| Problem to work on |
Transcribe exactly, and only, the lines running from the one that contains "Soporte para correa" through the last line of the material. No pictures.

| Data section |
------

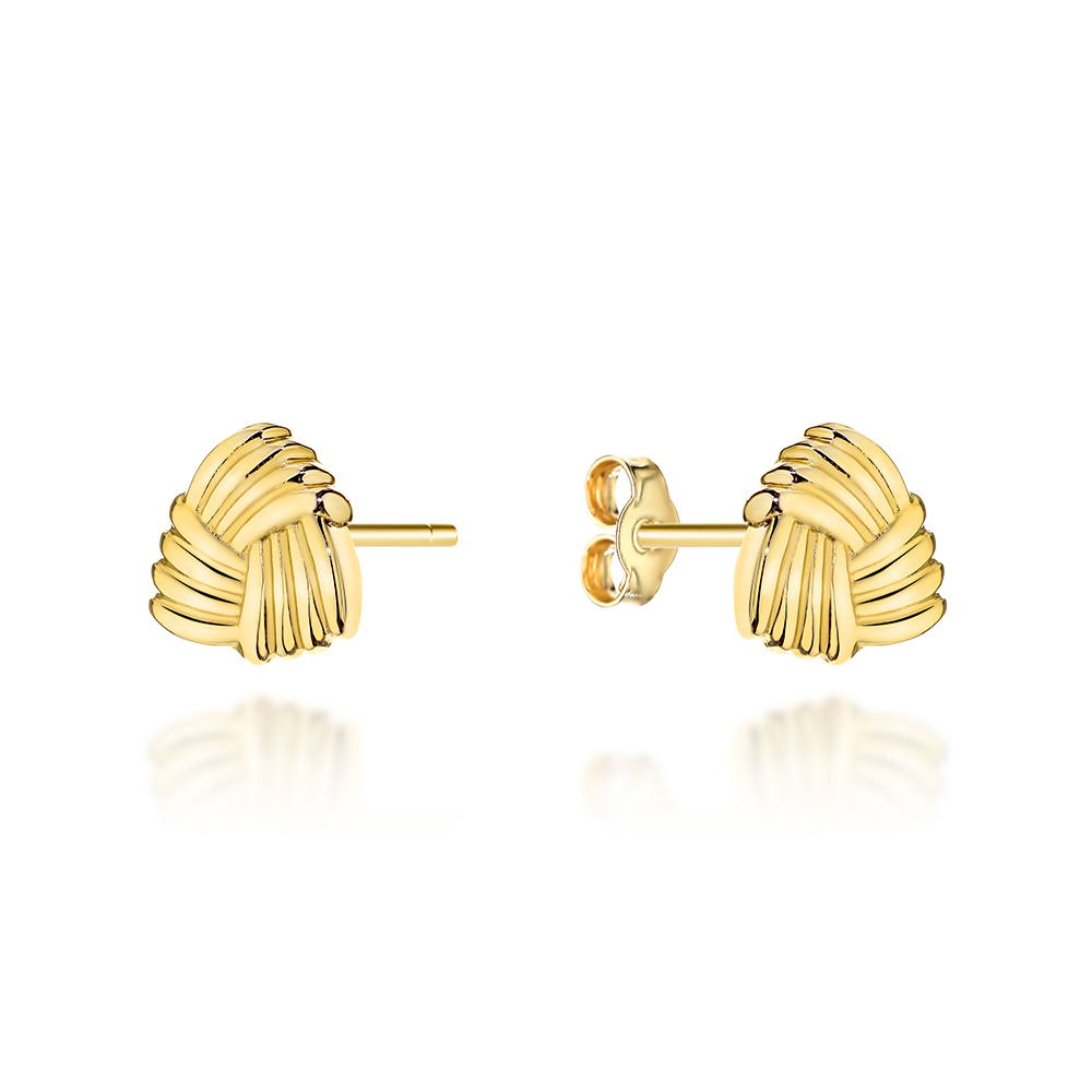 Kolczyki złote trójkątne zaplatane na sztyfcie
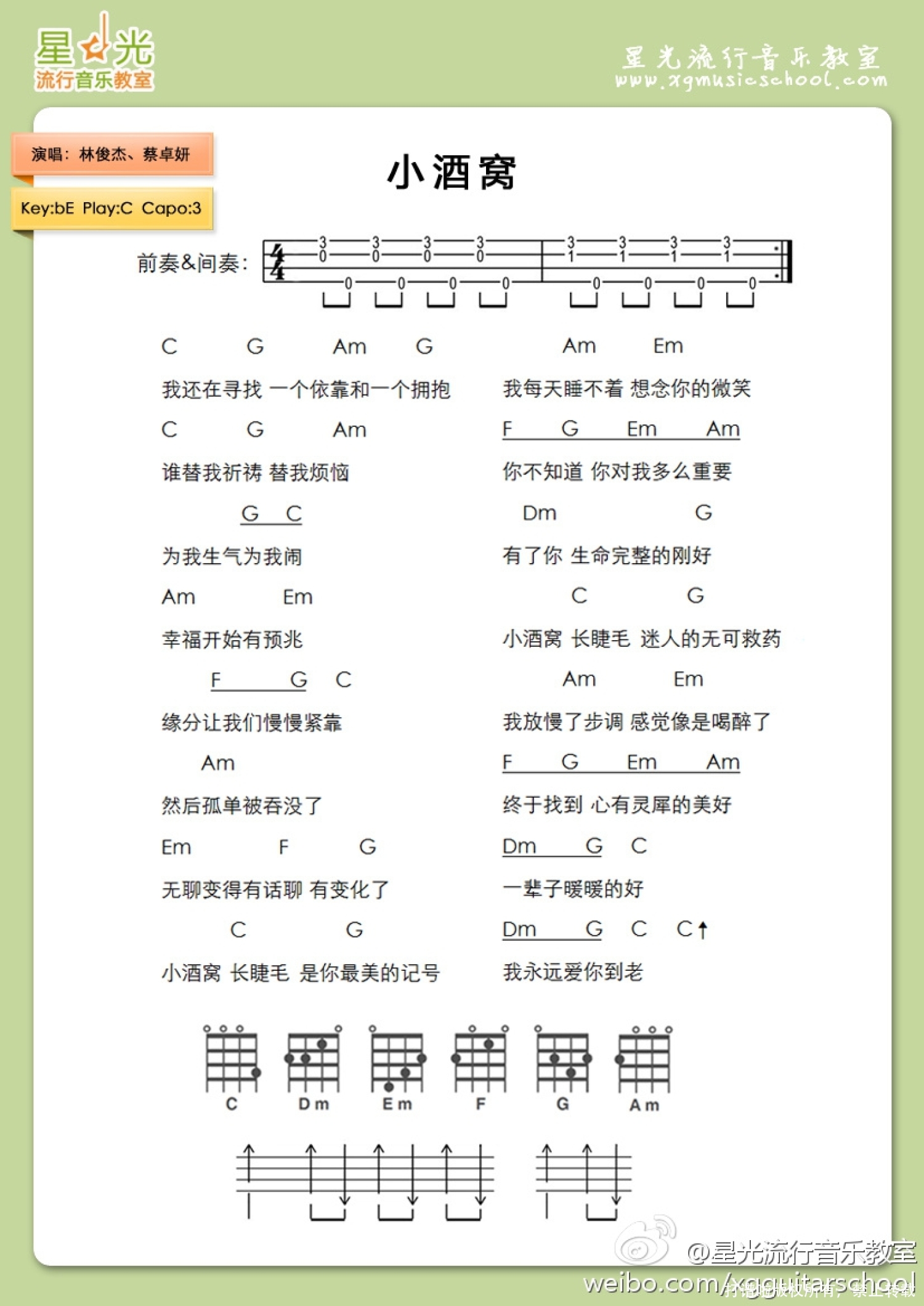 曲谱介绍: 林俊杰蔡卓妍小酒窝尤克里里谱 星光的谱一直是很详细的,只可惜数量很少。前奏间奏,右手上面都有了。简化成C调,和弦简单,别说你不会,呵呵~底部加横线的和弦时值是无横线的一半。分解和弦可以试试:(14)3231323
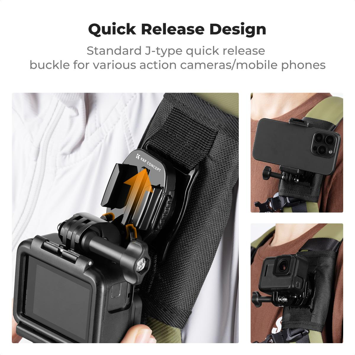 Soporte para correa de hombro y mochila K&F Concept, compatible con GoPro Hero 13/12/11/10/9/8/7/6/5/4 Black, Session, apto para DJI Osmo Action 5 Pro/4/3 y otras cámaras de acción, con rotación de 360°. El soporte cuenta con una base giratoria de 360°, lo que ofrece diversos ángulos de grabación y permite girar la cámara para crear la toma perfecta. Instala la cámara de acción, colócala en la base del soporte, fíjala a la correa para el hombro y gira para ajustar el ángulo y capturar perspectivas únicas; diseño con clip de sujeción rápida, fácil cambio de dispositivo.
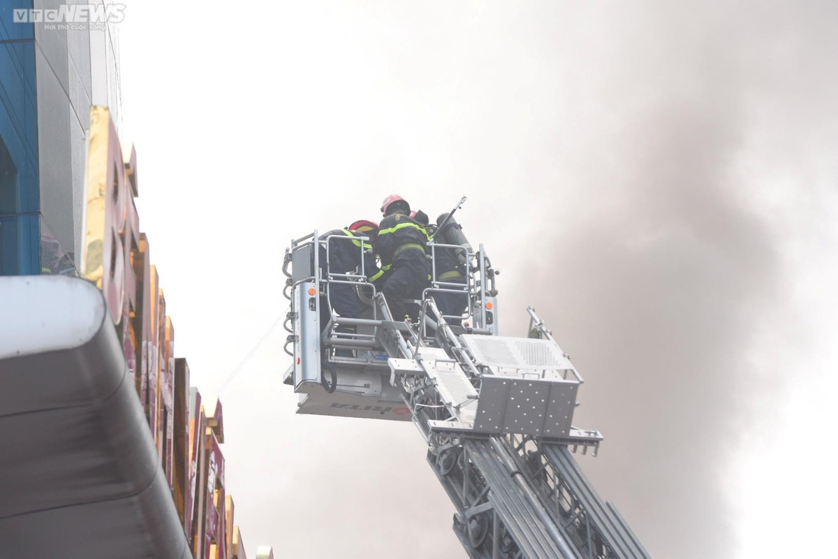 Bên trong hiện trường, lực lượng phòng cháy chữa cháy cật lực dập lửa. Khu vựa bên ngoài, công an và đội an ninh trật tự điều tiết giao thông, nhắc nhở người dân di chuyển tránh khói độc.

------

| Task response |
 Soporte para correa de hombro y mochila K&F Concept, compatible con GoPro Hero 13/12/11/10/9/8/7/6/5/4 Black, Session, apto para DJI Osmo Action 5 Pro/4/3 y otras cámaras de acción, con rotación de 360°. El soporte cuenta con una base giratoria de 360°, lo que ofrece diversos ángulos de grabación y permite girar la cámara para crear la toma perfecta. Instala la cámara de acción, colócala en la base del soporte, fíjala a la correa para el hombro y gira para ajustar el ángulo y capturar perspectivas únicas; diseño con clip de sujeción rápida, fácil cambio de dispositivo.
 Bên trong hiện trường, lực lượng phòng cháy chữa cháy cật lực dập lửa. Khu vựa bên ngoài, công an và đội an ninh trật tự điều tiết giao thông, nhắc nhở người dân di chuyển tránh khói độc.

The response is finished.